信教の自由に向けた法制度の改革を――ASEAN国会議員グループ(海外通信・バチカン支局)

東南アジア諸国連合(ASEAN)に加盟する10カ国の国会議員で構成される「人権擁護のためのASEAN国会議員グループ」がこのほど、『規制の多様性――信教と信仰の自由に関する法制度の概観』と題したレポートを発表した。ASEAN加盟国の政府に対し、「信教の自由の保障、宗教的少数派の擁護を促進し、『公共の秩序』『(社会の)調和』といった理由で基本的人権に関する規制の強要を正当化しないように」とアピールした。ローマ教皇庁外国宣教会(PIME)の国際通信社「アジアニュース」が11月19日に報じた。
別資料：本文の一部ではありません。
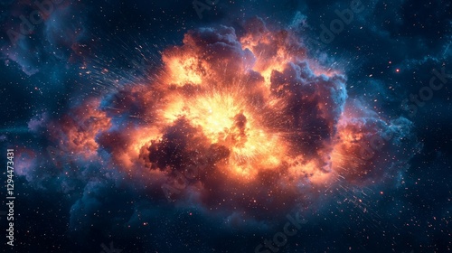 Fototapeta premium Exploding Cosmic Cloud Drenched in Bright Orange and Blue Light
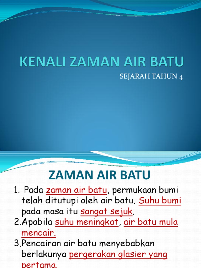 • zaman air batu berlaku 94 juta tahun yang dahulu ketika dinosaur mengalami kepupusan disebabkan oleh hentaman asteroid/komet ke bumi. Amalan bahasa melayu binatang zaman air batu gambar nama ciri ciri. Zaman air batu adalah tempoh suhu menurun dalam jangka masa yang lama dalam iklim bumi yang seterusnya menyebabkan peningkatan dalam keluasan air batu di kawasan kutub dan glasier gunung. Secara geologi, zaman air batu sering digunakan untuk merujuk kepada tempoh lapisan air batu di utara dan selatan hemisfera dengan takrifan ini kita masih. Gambar zaman air batu tahun 4. Faculty of engineering upm face to face learning clipart png faculty of engineering utm face to face cream eye specialist in kl face to face silhouette png f n malaysia face to face cream for men. Haiwan yang hidup pada zaman air batu(18000 tahun yang lalu) sudah pupus gajah mamot harimau bertaring lengkung belum pupus bison sloth 4. For more information and source, see on this link : Jangan lupa klik butang langgan saluran digital classroom malaysia. Maksud zaman air batu tingkatan 1 bab 2 kssm tarahap. Zaman air batu adalah tempoh di mana suhu iklim bumi turun menyebabkan peningkatan jumlah pembentukan air batu di kutub dan glasier gunung. Contoh surat permohonan bekalan air best telco in malaysia 2018 berpuas hati in english cara buat resume terbaik kepentingan media sosial dalam kehidupan masyarakat jabatan tenaga kerja sabah kalender februari 2018 malaysia hari jadi agong 2019. Sebahagian besar bumi khususnya di bahagian kutub utara dan kutub selatan diliputi oleh air batu tebal yang dikenali sebagai lapisan ais.
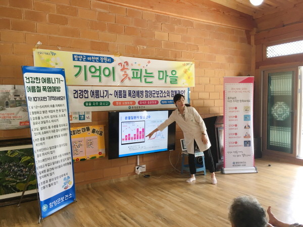 함양군보건소는 29일 함양군 장수마을인 마천면 창원마을 회관을 방문하여 마을 주민 30명 대상으로 폭염 대비 온열질환 예방수칙 교육을 실시했다.
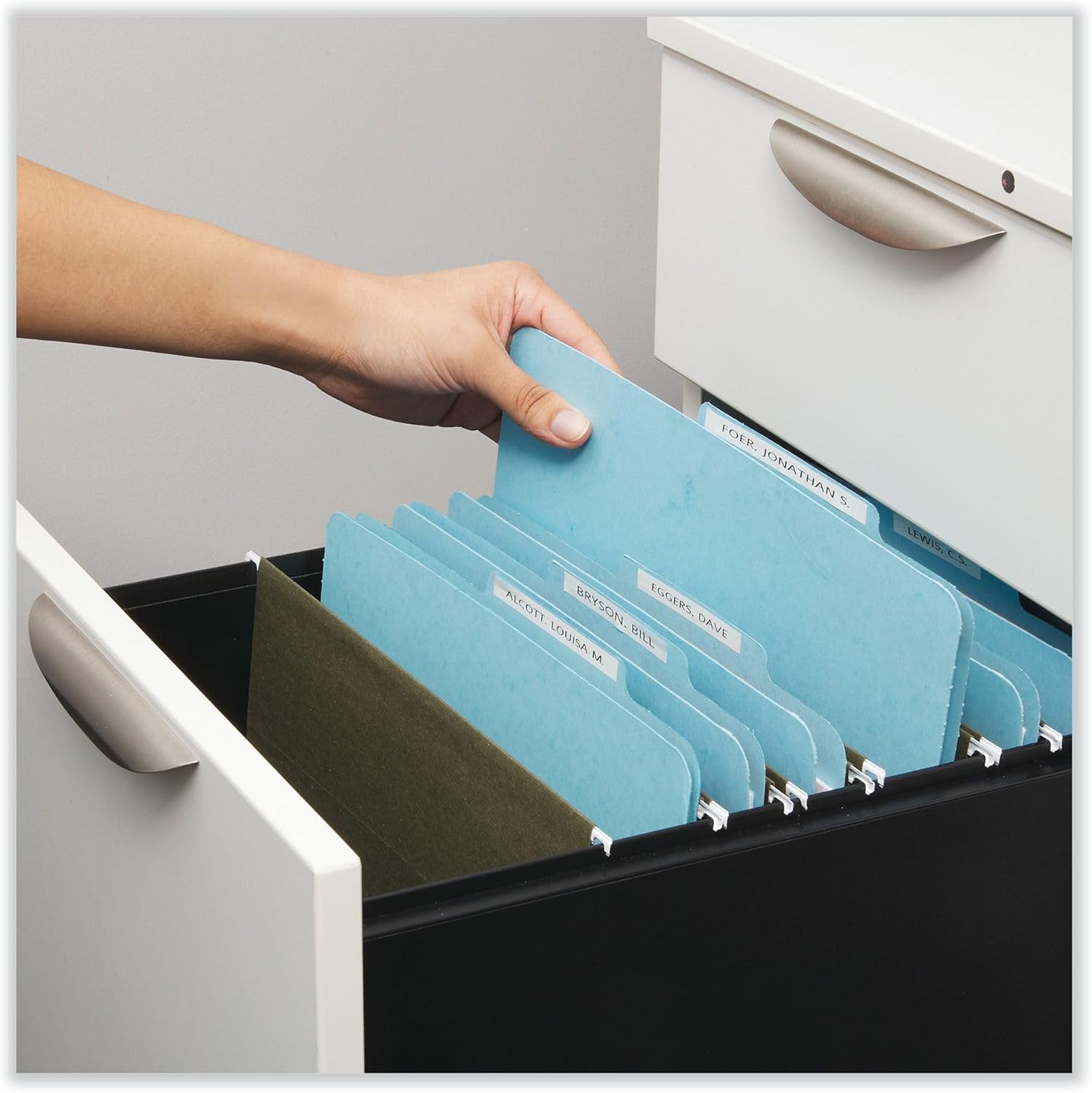• Durable, 25 pt. pressboard file folders.
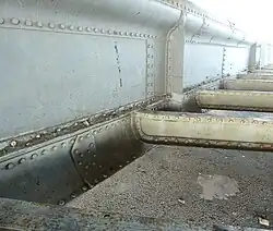 As the bridge was for a light roadway and did not have to carry the weight of a railway or train, its girders were of a lightweight construction that simplified manufacture. A full balloon upper flange was used, similar in shape to the South Wales Railway bridges, but the flange sat above the main web of the girder and the web did not span the flange and reach to the top. This simplified construction as it avoided the T-joint, the necessary L-strips and thus several rows of riveting.[10]
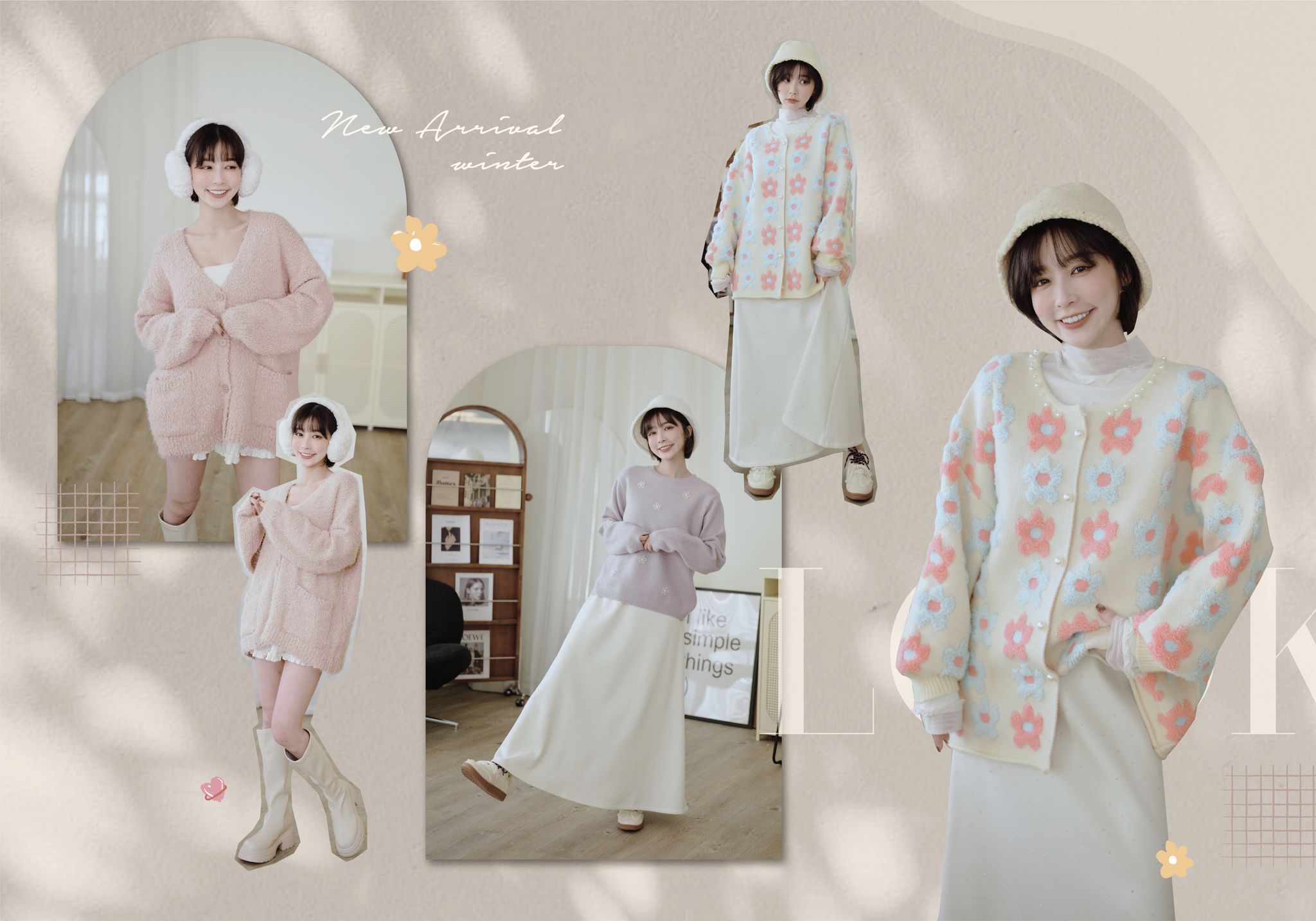 【東京旅拍】氣質針織套裝(連帽條紋披肩+上身+長裙)*3色
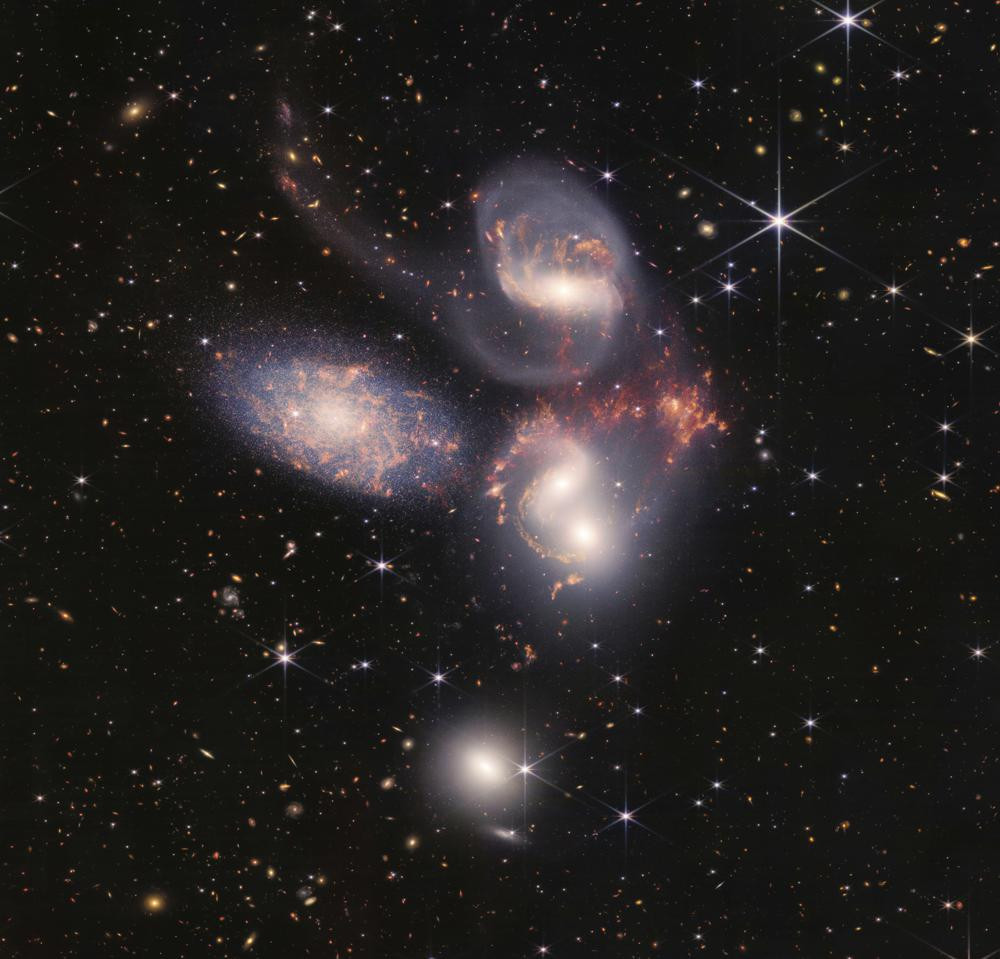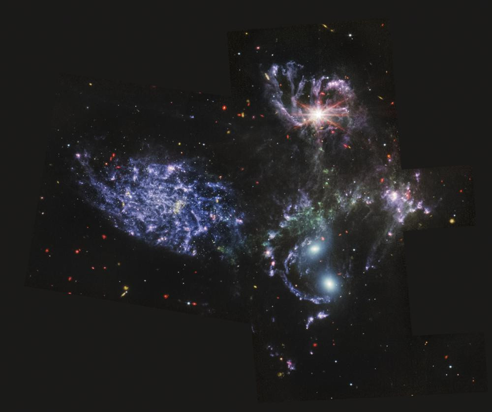 — Stephan’s Quintet, five galaxies in a cosmic dance that was first seen 225 years ago in the constellation Pegasus. It includes a black hole that scientists said showed material “swallowed by this sort of cosmic monster.” Webb “has just given us a new, unprecedented 290 million-year-old view of what this Quintet is up to,” Cornell University astronomer Lisa Kaltenegger, who wasn’t part of the Webb team, said in an email.
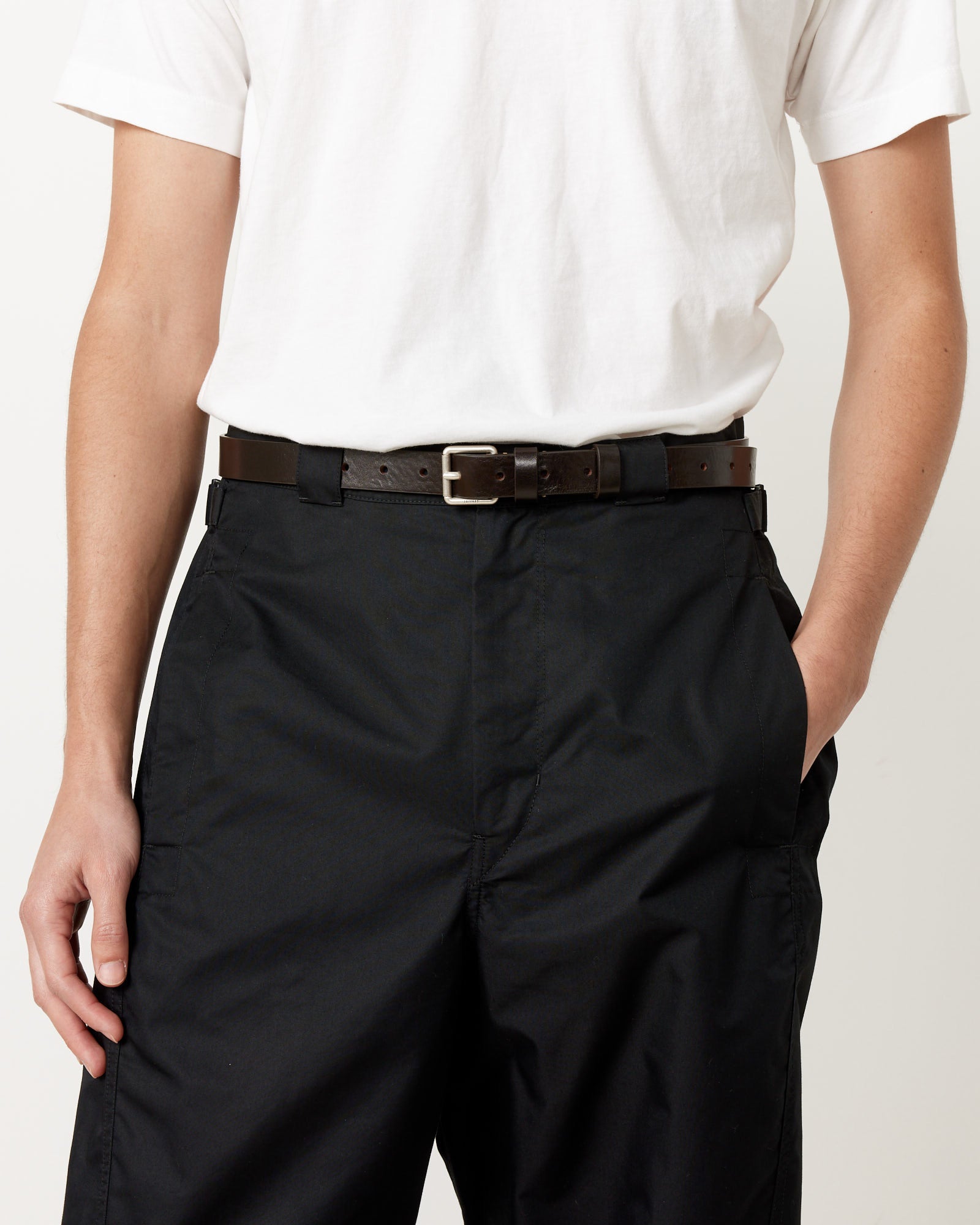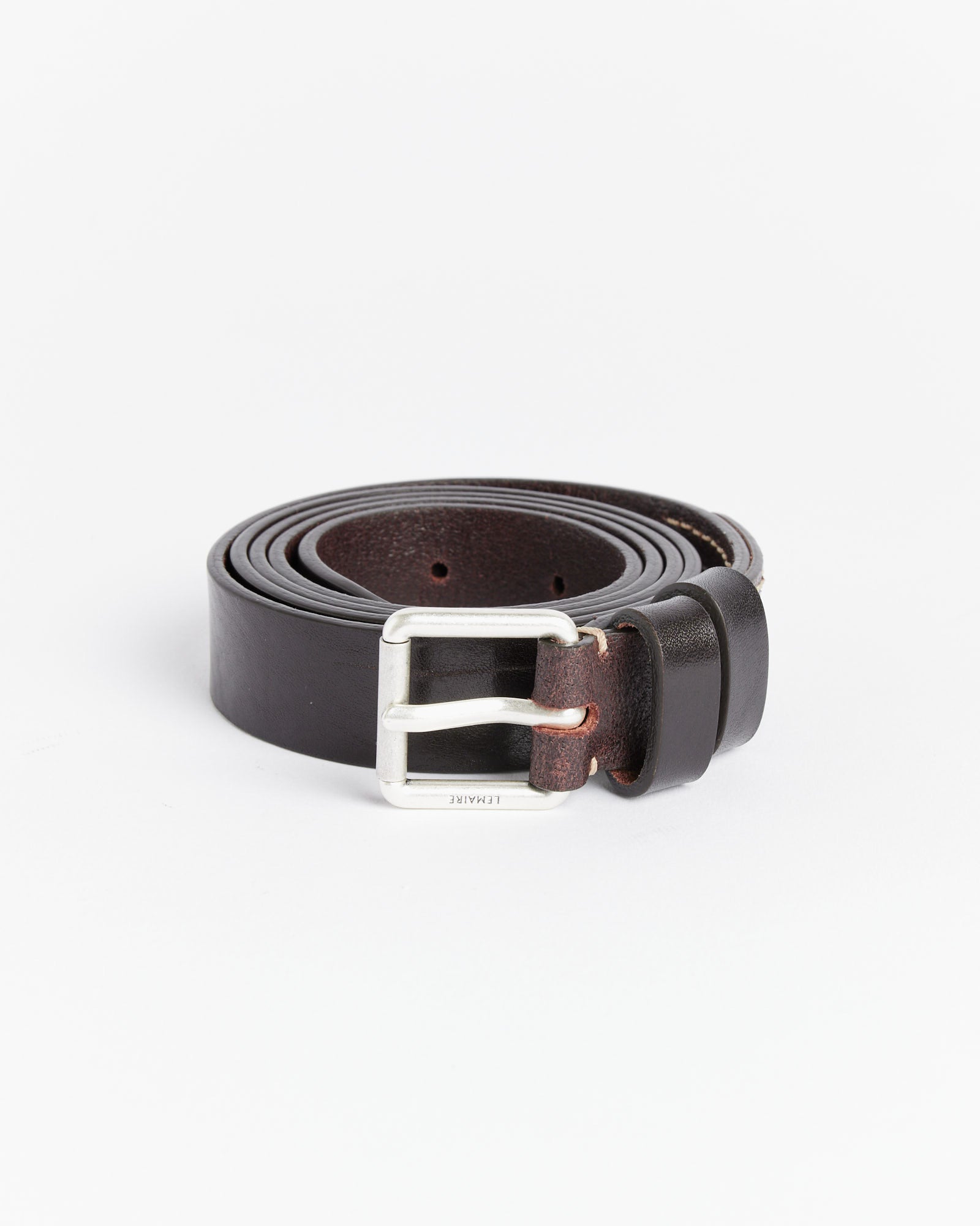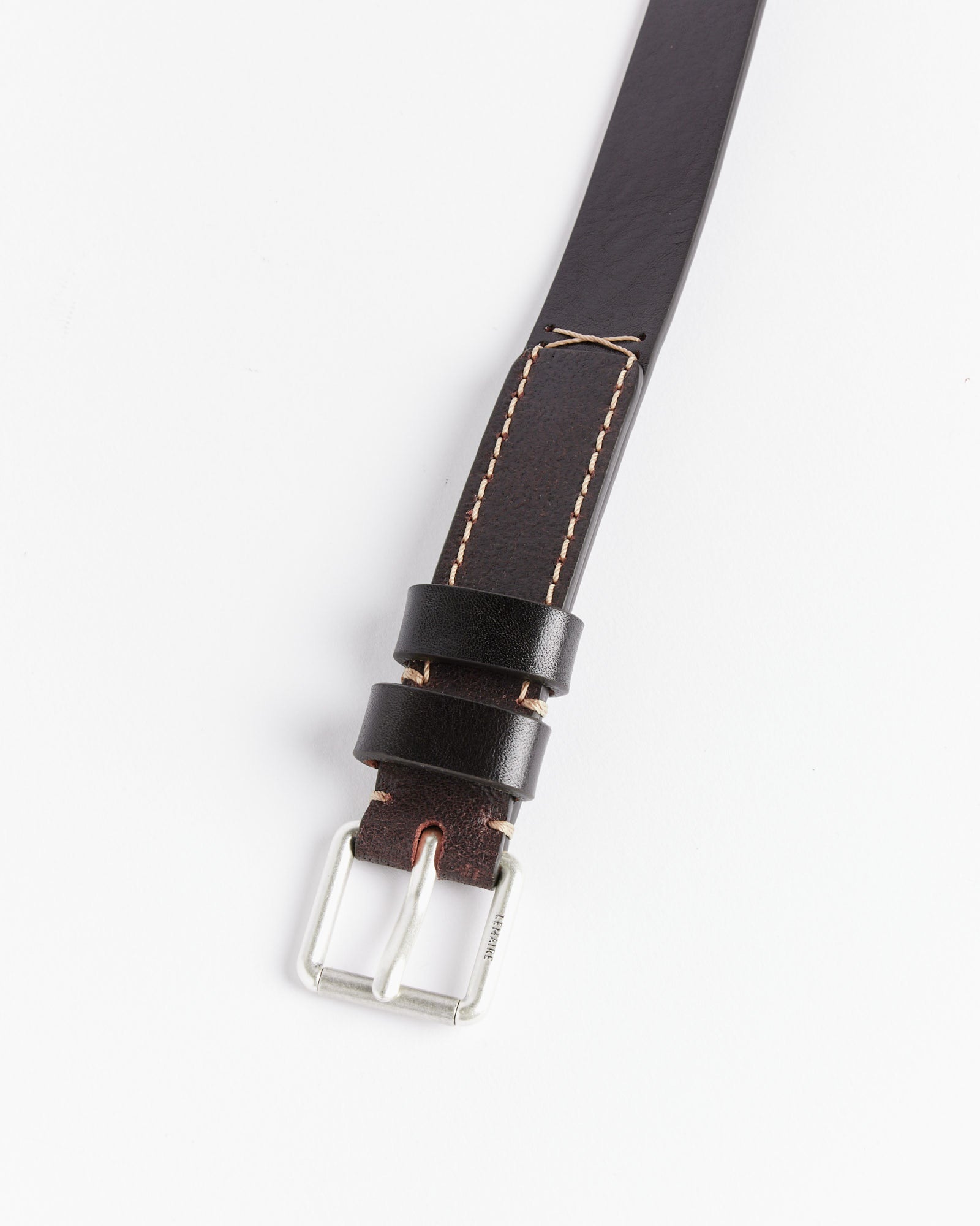 Lemaire's Reversed Belt 25 is a unisex style made from smooth vegetable leather with a shine and features a redesigned matte buckle, and its reverse is hand-stitched with contrasting thread.

同リポートは、ASEANが55年前に設立されて以来、圏内の通商、税関、人の往来などに関して具体的な進展があったと評価。一方で、「政治的一致、民主主義や人権に対する認識差の克服、国内、国際危機への対処に関する見解の統一といった分野において、その実現からは程遠い」と批判している。

さらに、“宗教という切り札”が、「国家のアイデンティティーを正当化したり、愛国主義を煽(あお)ったり、少数派を差別したりするために使われている」と指摘。「国家の安全保障、公共の治安維持」といった理由が、「往々にして、少数派の自由を限定するために使われ」「特定宗教の侮辱法が、国家、政府、多数派の宗教制度に批判的である少数派の宗教グループを犯罪組織と見なすために利用されている」と訴え、そうした法制度が「人権に関する国際基準からは程遠い」と非難している。

また、同グループの国会議員たちは、こうしたASEAN諸国での人権問題の分析を基盤に、政府や立法機関に対して、「国の憲法で保障されていながらも、実際には自由を侵害する法制度を廃棄、変革し、より開放された、連帯的、包括的な社会をつくっていくように」と訴えている。